[Study material Boundary: Start]

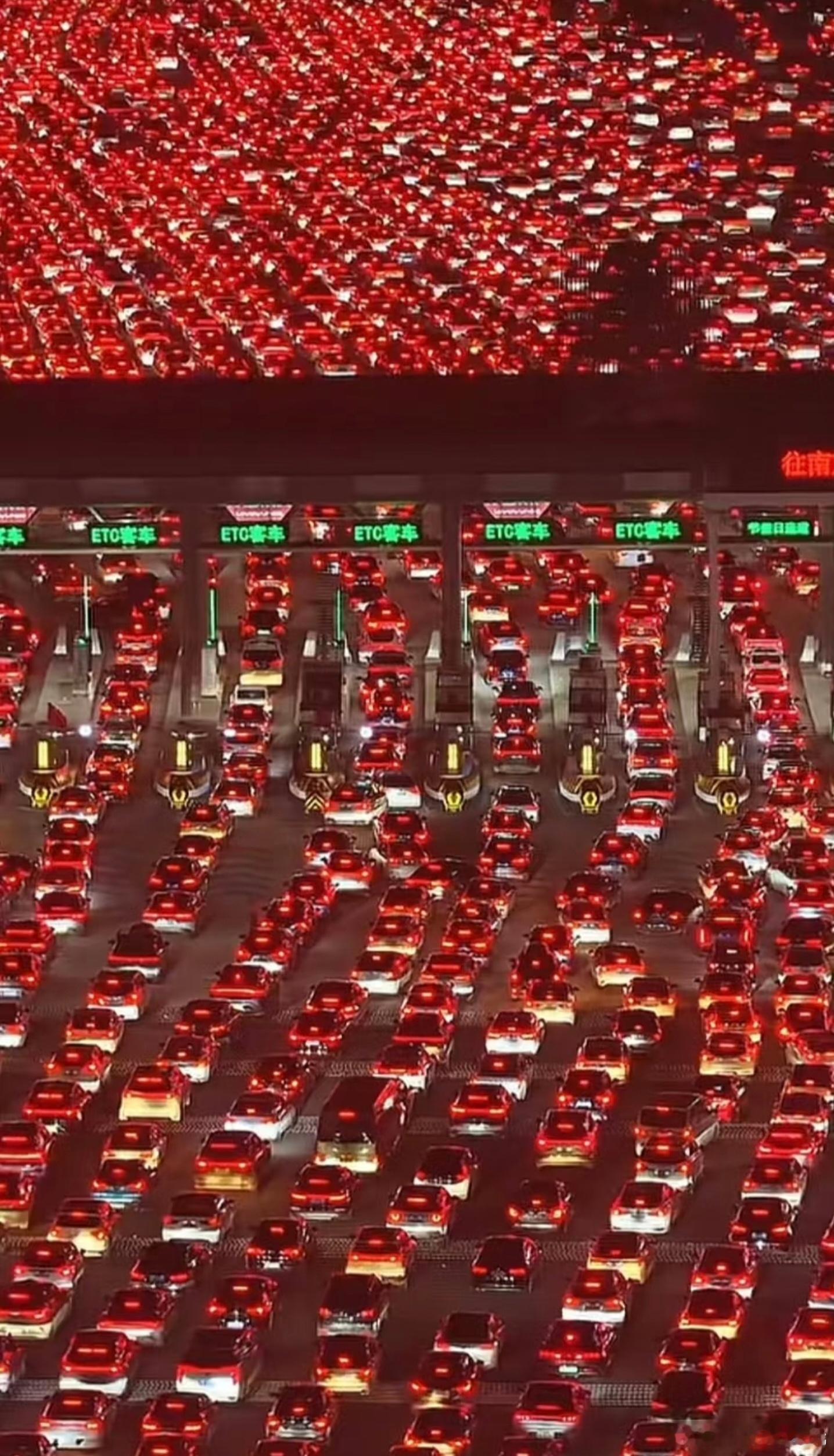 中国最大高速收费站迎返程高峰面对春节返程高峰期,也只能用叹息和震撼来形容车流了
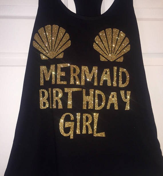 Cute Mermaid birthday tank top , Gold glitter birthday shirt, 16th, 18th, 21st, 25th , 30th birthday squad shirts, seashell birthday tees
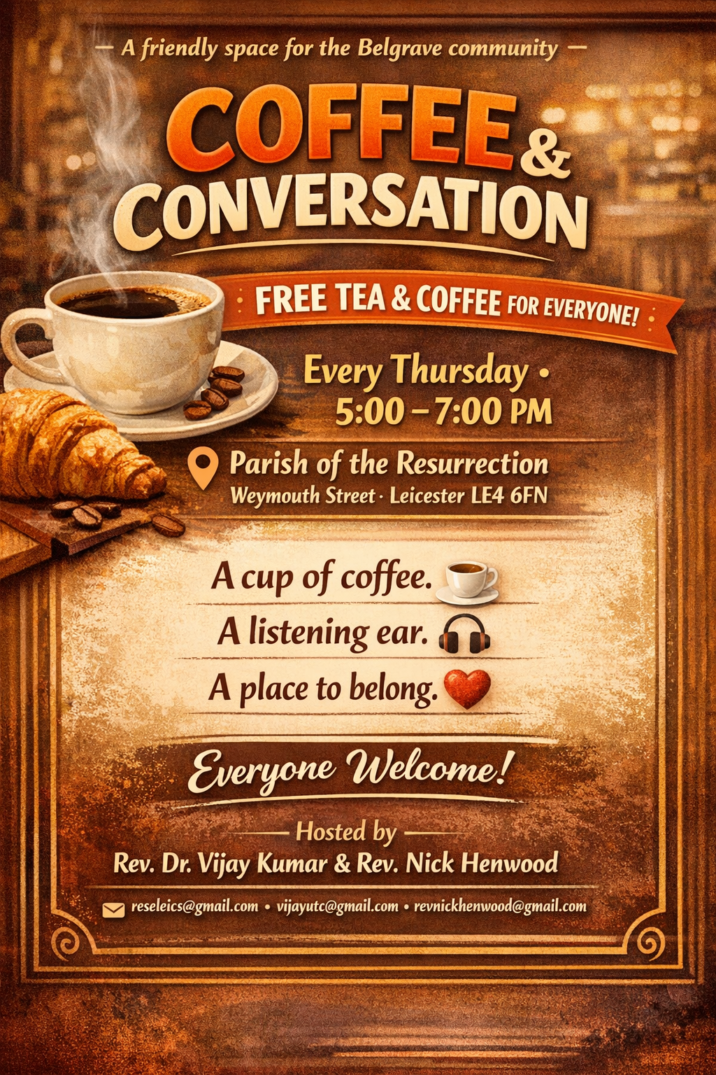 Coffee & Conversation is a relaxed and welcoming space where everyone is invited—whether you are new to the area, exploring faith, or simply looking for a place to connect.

[Study material Boundary: End]
[Study material Boundary: Start]

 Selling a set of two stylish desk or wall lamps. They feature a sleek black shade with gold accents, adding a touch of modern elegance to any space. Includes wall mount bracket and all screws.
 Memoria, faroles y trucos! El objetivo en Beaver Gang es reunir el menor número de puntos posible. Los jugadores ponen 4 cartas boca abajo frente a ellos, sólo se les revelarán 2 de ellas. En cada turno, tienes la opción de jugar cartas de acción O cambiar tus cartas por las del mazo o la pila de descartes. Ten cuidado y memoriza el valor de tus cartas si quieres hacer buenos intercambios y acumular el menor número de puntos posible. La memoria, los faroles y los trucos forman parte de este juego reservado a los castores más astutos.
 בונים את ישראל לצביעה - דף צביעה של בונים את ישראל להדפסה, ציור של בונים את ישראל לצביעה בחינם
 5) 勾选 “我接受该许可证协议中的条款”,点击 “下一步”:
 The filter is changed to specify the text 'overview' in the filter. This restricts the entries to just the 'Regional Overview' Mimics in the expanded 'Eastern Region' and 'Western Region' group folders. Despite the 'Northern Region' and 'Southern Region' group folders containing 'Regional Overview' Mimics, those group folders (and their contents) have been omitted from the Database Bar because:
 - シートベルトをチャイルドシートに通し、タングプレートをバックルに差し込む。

[Study material Boundary: End]

▶ Exercise:
Reproduce word for word the material above, beginning with the line that contains "Memoria, faroles y" and ending with the line that contains "- シートベルトをチャイルドシートに通し、タングプレートをバックルに差し込む。".

▶ Written solution:
 Memoria, faroles y trucos! El objetivo en Beaver Gang es reunir el menor número de puntos posible. Los jugadores ponen 4 cartas boca abajo frente a ellos, sólo se les revelarán 2 de ellas. En cada turno, tienes la opción de jugar cartas de acción O cambiar tus cartas por las del mazo o la pila de descartes. Ten cuidado y memoriza el valor de tus cartas si quieres hacer buenos intercambios y acumular el menor número de puntos posible. La memoria, los faroles y los trucos forman parte de este juego reservado a los castores más astutos.
 בונים את ישראל לצביעה - דף צביעה של בונים את ישראל להדפסה, ציור של בונים את ישראל לצביעה בחינם
 5) 勾选 “我接受该许可证协议中的条款”,点击 “下一步”:
 The filter is changed to specify the text 'overview' in the filter. This restricts the entries to just the 'Regional Overview' Mimics in the expanded 'Eastern Region' and 'Western Region' group folders. Despite the 'Northern Region' and 'Southern Region' group folders containing 'Regional Overview' Mimics, those group folders (and their contents) have been omitted from the Database Bar because:
 - シートベルトをチャイルドシートに通し、タングプレートをバックルに差し込む。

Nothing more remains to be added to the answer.